23 maggio 2016

Stevie Wonder - Innervisions (1973)

Nel 1971, il giorno del suo ventunesimo compleanno, Stevie Wonder lascia la Motown, la casa discografica per cui lavora da quando ha 12 anni. Ora che non è piú «Little», Stevie vuole libertà creativa, vuole fare tutto, scrivere, suonare, cantare, vuole poter decidere dove andare e come. Berry Gordy, il boss della Motown, lo vede come un nuovo Sammy Davis jr, un intrattenitore. Lui vuole crescere come musicista, e non si pone limiti. Un giorno va a trovare in studio Robert Margouleff e Malcolm Cecil, pionieri nell'uso del sintetizzatore di suoni: come Tonto's Expanding Head Band hanno pubblicato un album (Zero Time, uscito da poco), che con quella sua elettronica «calda» ha aperto loro porte che nemmeno immaginavano esistere. Stevie chiede di imparare a suonare il Moog (modificato e personalizzato, loro lo chiamano Tonto, una sigla che sta per «Nuova orchestra di timbri originali»), una vera impresa per un cieco, con tutti quei tasti e quelle leve. «Ma la mia voglia di imparare era nettamente superiore alle difficolà», commenterà poi Stevie. Insieme, i tre sintetizzano suoni e incidono basi che permetteranno a Wonder di registrare praticamente da solo cinque album e di percorrere gli anni Settanta, quello che verrà considerato il suo periodo «classico», sulla spinta di una singola, grandiosa, idea di musica: Music Of My Mind, Talking Book, Innervisions, Fulfillingness' First Finale e l'apoteosi di Songs In The Key Of Life. L'idea è appunto quella di un suono sintetico che — contrariamente al luogo comune — aggiunga e non tolga calore alla musica. Una sorta di nuovo soul, una musica dell'anima che si sforzi di raccontare il proprio tempo in album concepiti come tali, e non piú — in stile Motown - come una raccolta di singoli. A ben pensarci è il compimento del disegno artistico della casa discografica di Detroit («Il suono della giovane America», era il suo celebre slogan), che infatti su queste nuove basi, concedendogli libertà quasi illimitata, riconquista Stevie e lo accompagna nel suo migliore momento.

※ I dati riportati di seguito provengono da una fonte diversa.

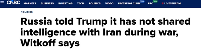 威特科夫声称,在那次通话中,乌沙科夫“重申了同样的说法”,即俄罗斯没有与伊朗分享情报。

Al centro del quale sta Innervisions, che a sua volta ha al centro due canzoni «sociali» come Living For The City e Higher Ground, eccellenti esempi di come Stevie Wonder intenda curare il male del mondo: con la fede, e se la fede non basta, con la reincarnazione. (Mia valutazione: Distinto)

di P. M. Scaglione - Rock! (Einaudi)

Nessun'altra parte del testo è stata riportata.